Start of Block
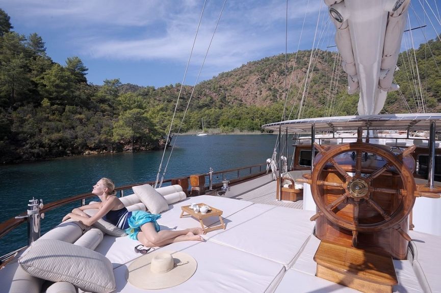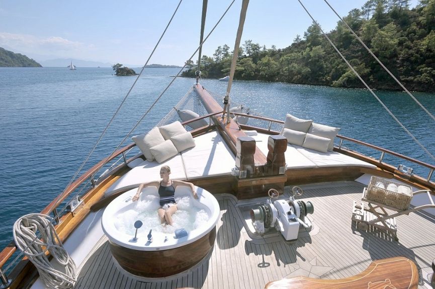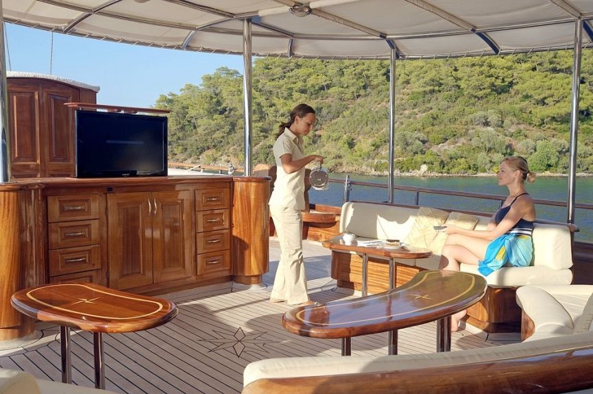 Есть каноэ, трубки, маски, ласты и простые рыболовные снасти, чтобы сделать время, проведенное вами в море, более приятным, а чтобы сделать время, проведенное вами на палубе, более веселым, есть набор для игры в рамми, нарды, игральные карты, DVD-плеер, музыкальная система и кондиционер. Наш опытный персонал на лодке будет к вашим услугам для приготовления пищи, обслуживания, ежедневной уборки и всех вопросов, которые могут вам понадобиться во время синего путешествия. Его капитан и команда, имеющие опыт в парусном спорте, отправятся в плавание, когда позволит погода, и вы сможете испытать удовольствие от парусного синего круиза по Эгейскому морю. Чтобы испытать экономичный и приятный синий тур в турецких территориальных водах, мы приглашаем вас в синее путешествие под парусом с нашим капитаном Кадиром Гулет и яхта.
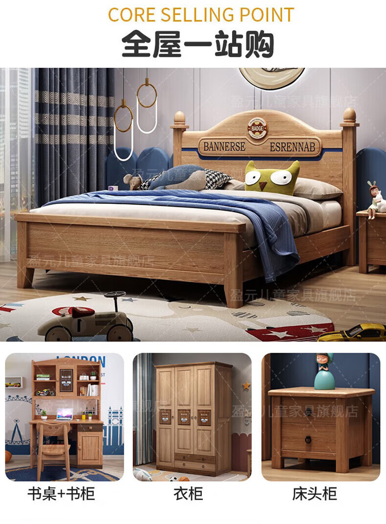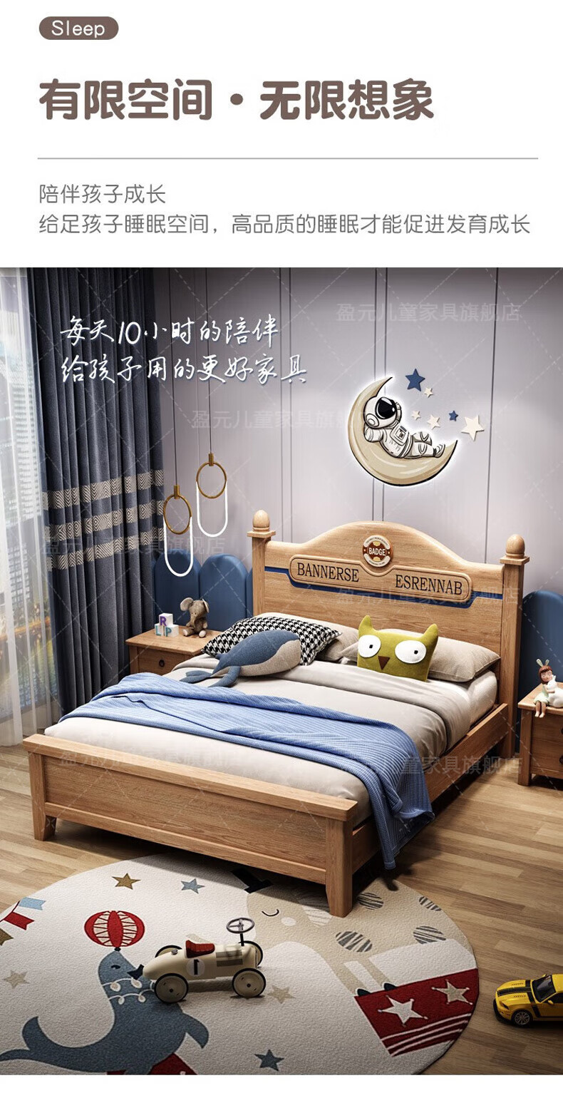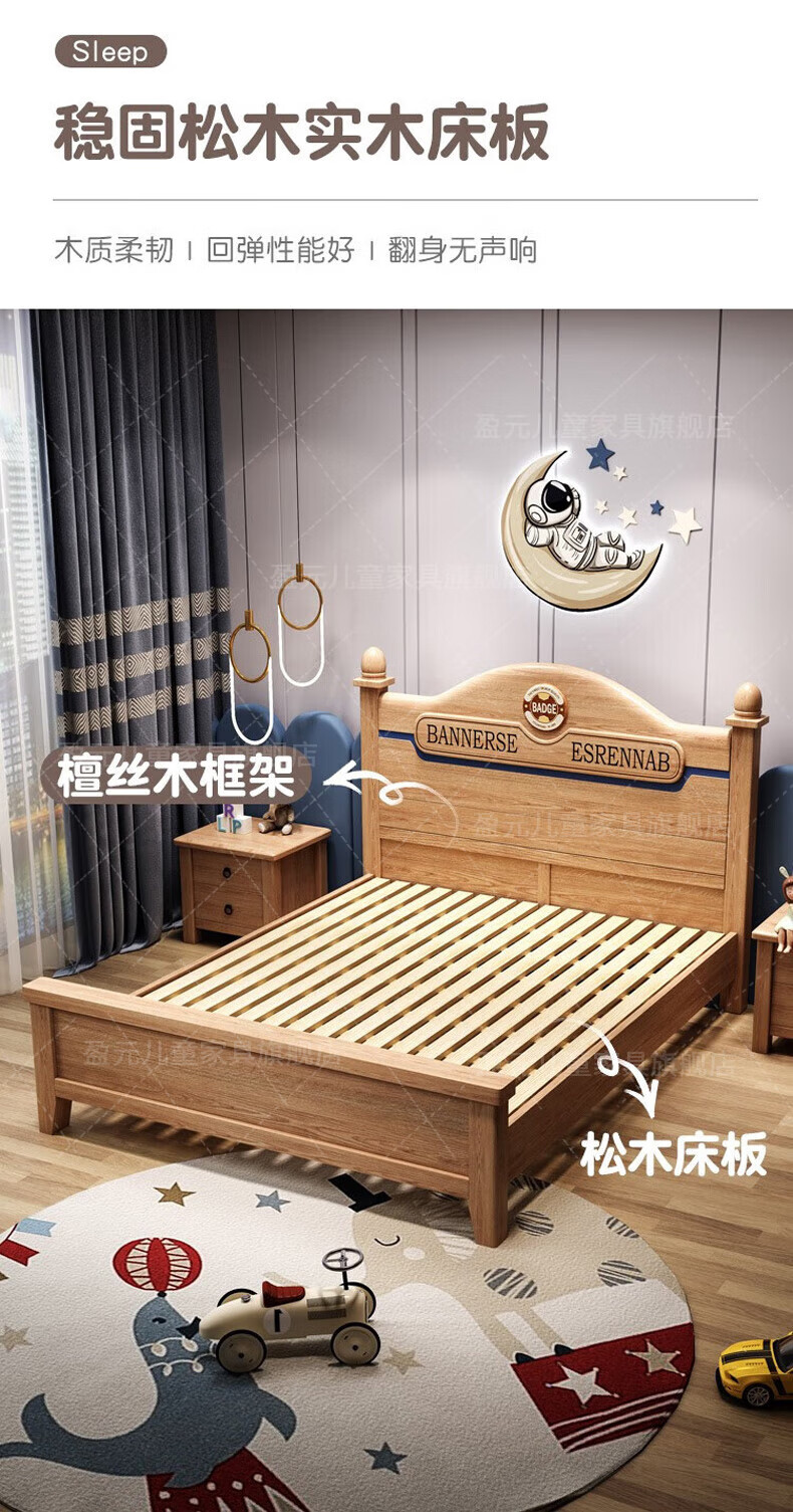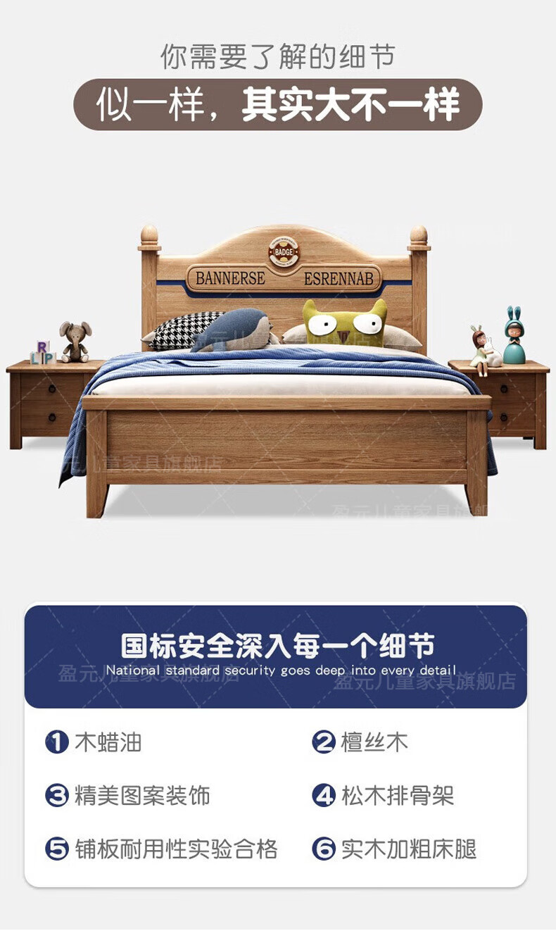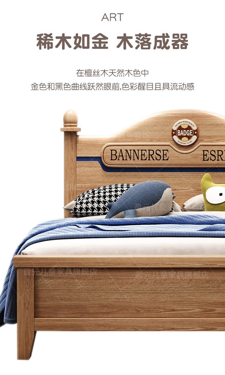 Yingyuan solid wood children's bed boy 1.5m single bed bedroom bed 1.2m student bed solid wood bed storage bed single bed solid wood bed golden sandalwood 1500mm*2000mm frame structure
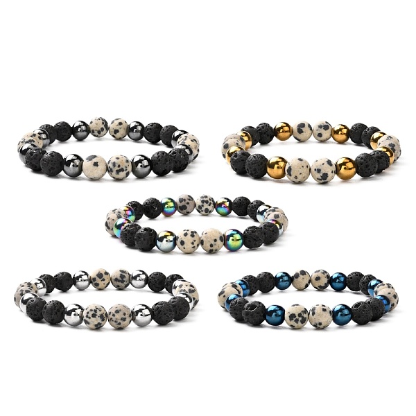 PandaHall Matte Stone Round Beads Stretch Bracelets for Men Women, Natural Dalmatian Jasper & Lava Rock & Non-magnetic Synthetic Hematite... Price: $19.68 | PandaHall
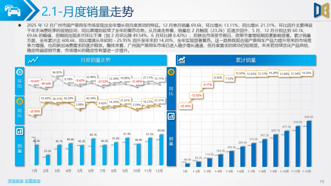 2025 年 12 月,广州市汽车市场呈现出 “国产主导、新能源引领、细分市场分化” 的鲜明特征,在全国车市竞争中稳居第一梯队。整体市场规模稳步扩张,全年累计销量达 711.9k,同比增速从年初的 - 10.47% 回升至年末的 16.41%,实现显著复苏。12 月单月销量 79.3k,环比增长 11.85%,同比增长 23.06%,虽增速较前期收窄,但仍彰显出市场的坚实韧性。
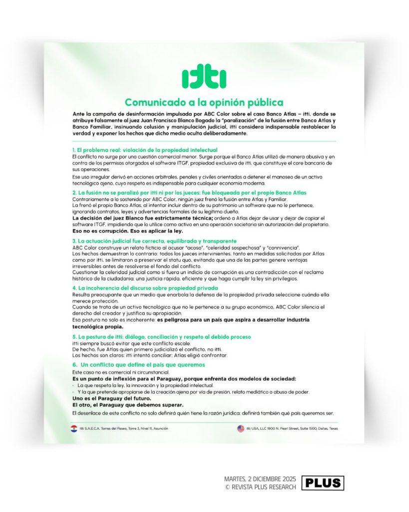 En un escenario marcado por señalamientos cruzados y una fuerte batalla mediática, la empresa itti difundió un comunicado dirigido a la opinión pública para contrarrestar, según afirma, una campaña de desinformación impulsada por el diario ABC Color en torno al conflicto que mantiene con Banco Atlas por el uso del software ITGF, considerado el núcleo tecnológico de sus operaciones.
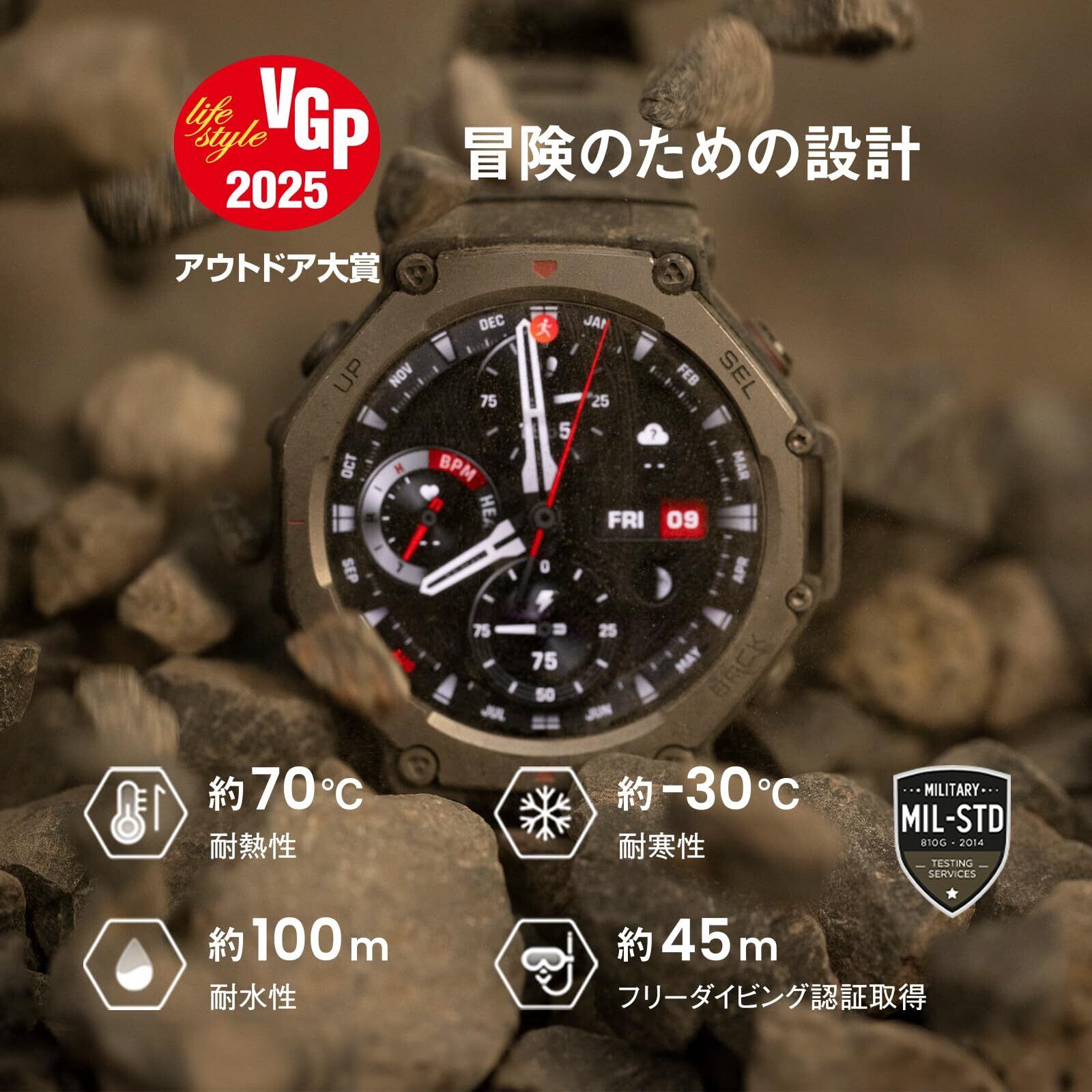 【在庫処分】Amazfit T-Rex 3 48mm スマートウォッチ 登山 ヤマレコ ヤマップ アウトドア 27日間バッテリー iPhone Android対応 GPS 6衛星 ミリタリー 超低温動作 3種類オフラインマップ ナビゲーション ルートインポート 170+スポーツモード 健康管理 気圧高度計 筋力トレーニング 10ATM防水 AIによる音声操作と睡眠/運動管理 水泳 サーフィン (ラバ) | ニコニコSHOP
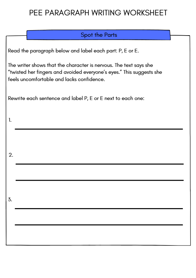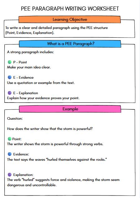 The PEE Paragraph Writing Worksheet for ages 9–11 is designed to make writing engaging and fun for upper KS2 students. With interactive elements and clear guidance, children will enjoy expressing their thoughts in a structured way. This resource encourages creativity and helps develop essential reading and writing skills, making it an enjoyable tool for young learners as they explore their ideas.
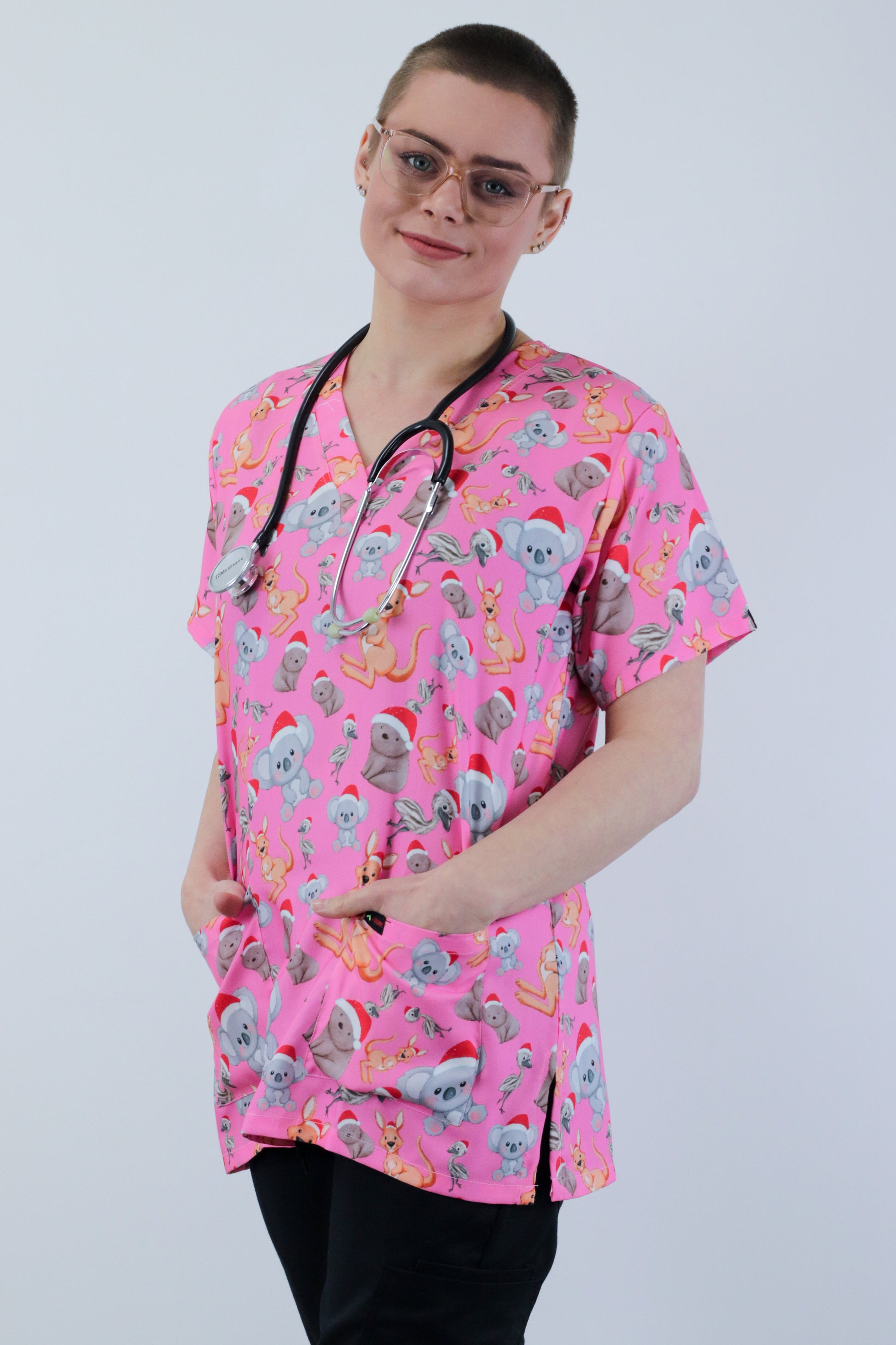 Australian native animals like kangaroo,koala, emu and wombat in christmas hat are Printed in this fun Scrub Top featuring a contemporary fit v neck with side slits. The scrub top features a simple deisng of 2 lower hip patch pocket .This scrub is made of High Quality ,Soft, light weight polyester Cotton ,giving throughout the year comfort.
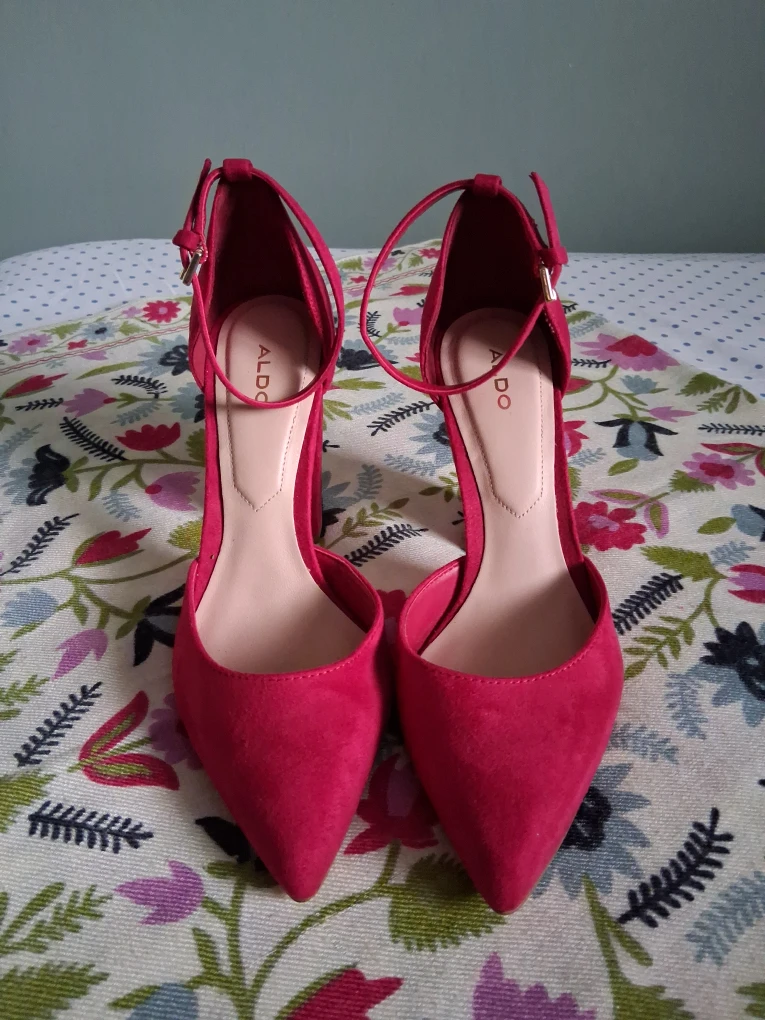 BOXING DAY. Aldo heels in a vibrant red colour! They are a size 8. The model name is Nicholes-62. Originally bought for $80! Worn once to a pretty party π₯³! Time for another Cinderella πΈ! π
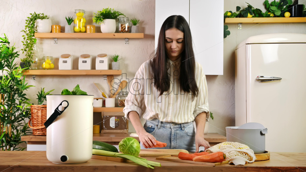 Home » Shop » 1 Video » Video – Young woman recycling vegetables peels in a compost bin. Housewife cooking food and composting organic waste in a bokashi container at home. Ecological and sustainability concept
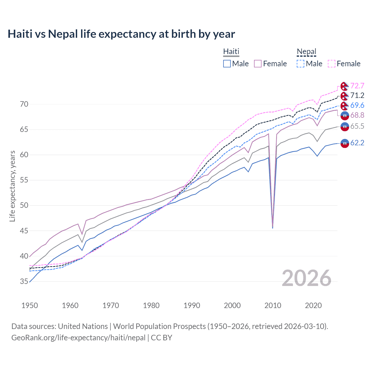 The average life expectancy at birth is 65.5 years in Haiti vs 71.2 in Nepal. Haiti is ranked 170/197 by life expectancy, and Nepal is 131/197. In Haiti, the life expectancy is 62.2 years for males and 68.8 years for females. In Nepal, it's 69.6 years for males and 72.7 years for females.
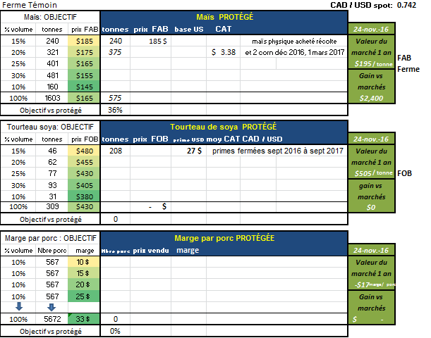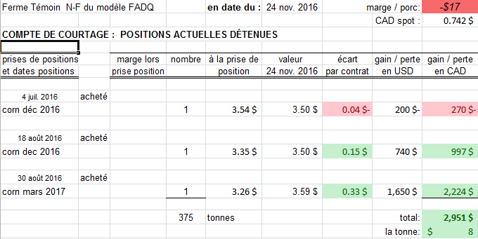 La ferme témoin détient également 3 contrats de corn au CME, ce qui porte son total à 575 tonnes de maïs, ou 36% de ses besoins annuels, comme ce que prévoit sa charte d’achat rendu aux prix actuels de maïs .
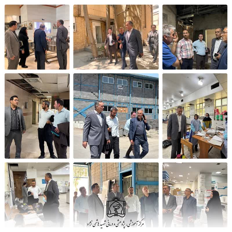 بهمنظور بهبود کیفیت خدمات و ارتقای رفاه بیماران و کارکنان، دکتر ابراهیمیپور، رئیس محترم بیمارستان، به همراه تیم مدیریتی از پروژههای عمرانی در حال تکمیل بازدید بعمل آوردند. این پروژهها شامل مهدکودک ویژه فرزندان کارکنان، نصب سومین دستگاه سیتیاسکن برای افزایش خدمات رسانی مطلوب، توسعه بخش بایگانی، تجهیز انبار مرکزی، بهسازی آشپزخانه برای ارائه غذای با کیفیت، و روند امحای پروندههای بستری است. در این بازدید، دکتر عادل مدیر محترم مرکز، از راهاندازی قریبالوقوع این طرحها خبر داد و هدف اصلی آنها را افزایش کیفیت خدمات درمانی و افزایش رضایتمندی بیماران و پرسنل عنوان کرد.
End of Block
Activity
Copy only what runs above from the line containing "BOXING DAY. Aldo" through the line containing "La ferme témoin", exactly. Leave out the pictures.

The answer
 BOXING DAY. Aldo heels in a vibrant red colour! They are a size 8. The model name is Nicholes-62. Originally bought for $80! Worn once to a pretty party π₯³! Time for another Cinderella πΈ! π
 Home » Shop » 1 Video » Video – Young woman recycling vegetables peels in a compost bin. Housewife cooking food and composting organic waste in a bokashi container at home. Ecological and sustainability concept
 The average life expectancy at birth is 65.5 years in Haiti vs 71.2 in Nepal. Haiti is ranked 170/197 by life expectancy, and Nepal is 131/197. In Haiti, the life expectancy is 62.2 years for males and 68.8 years for females. In Nepal, it's 69.6 years for males and 72.7 years for females.
 La ferme témoin détient également 3 contrats de corn au CME, ce qui porte son total à 575 tonnes de maïs, ou 36% de ses besoins annuels, comme ce que prévoit sa charte d’achat rendu aux prix actuels de maïs .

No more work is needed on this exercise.